Viele haben zwei Kinder, haben sich über die Jahre ein kleines Haus oder eine Eigentumswohnung finanziert und leben in wirtschaftlich abgesicherten Verhältnissen. Große Autos wurden meist nicht gekauft, der Passat oder der Golf Kombi war das Auto der Wahl. Schon einen Mercedes sieht man seltener, S-Klassen oder gar Ferrari stehen höchstens in der Garage von Einzelnen. Der eine oder andere leistete sich auch mal ein kleines Boot auf dem Wannsee, aber alles hielt sich sehr in Maßen. Man drehte nicht jeden Cent zweimal um, aber das Geld wurde auch nicht sinnlos ausgegeben.
Oft sprang auch noch soviel bei raus, daß den Kindern fast alle Wünsche erfüllt werden konnten, vom fast obligatorischen Führerschein zum 18. Geburtstag bis hin zur freien Studienwahl inklusive Finanzierung.
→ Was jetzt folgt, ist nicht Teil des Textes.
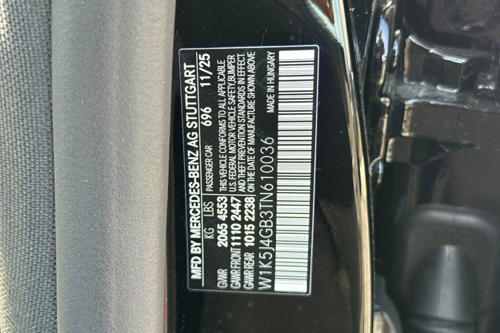 - VIN : W1K5J4GB3TN610036

Sicherlich, es gibt auch Ausreißer.
Der achtstellige Millionenbeträge schwere Grundbesitzer, der so knauserig war, daß seine Frau Haushaltsgeld bekam und die Tochter im Supermarkt an der Kasse sitzen mußte, um sich ihr Taschengeld aufzubessern. Sein Geld hat ihm übrigens bei seinem Herzinfarkt auch nicht weitergeholfen.
Oder der Sohn, der nach einigen gewagten und eher halbseidenen Immobilienprojekten den Wohnsitz fix nach Kanada verlagern mußte, damit hier nicht die Handschellen klicken. Was ihn aber nicht davon abhält, seinen Bruder hier regelmäßig mit den neuesten Porsche-Modellen zu versorgen. Wie heißt es schon bei Bert Brechts Mahagonny? Nur wenn man insolvent ist, wird man hingerichtet. Betrug ist dagegen kein Grund.
Diese Leute findet man in Zehlendorf ebenfalls, aber nur sehr vereinzelt. Der Großteil der – wie sie die SPD nennen würde – Besserverdienenden überwiegt.
Das interessante an dieser Betrachtung sind aber nicht die Eltern, sondern die Kinder, sprich meine Generation. Die wird es nämlich sehr schwer haben, allein nur den bisherigen Lebensstandard zu halten, den sie während des Studiums dank der Finanzierung von Mami und Papi hatten.
Eines des Handicaps, welches die Kinder durch dieses sorglose Aufwachsen die Wiege gelegt bekamen, ist die Möglichkeit zur völlig freien Entscheidung, welchen Berufsweg sie später mal gern einschlagen würden. Völlig freie Entscheidung ist doch gut, höre ich da den einen oder anderen aufschreien? Read on, my dear.
BWL, Jura und Medizin wurden zwar ab und zu gern gesehen, aber von nahezu keinem Elternteil nachdrücklich eingefordert.
Allgemeine und vergleichende Literaturwissenschaften? Toll! Sozialpädagogik? Klasse. Gender Studies? Das ist ja interessant! Sinnologie, Psychologie und Indologie? Wie weltoffen.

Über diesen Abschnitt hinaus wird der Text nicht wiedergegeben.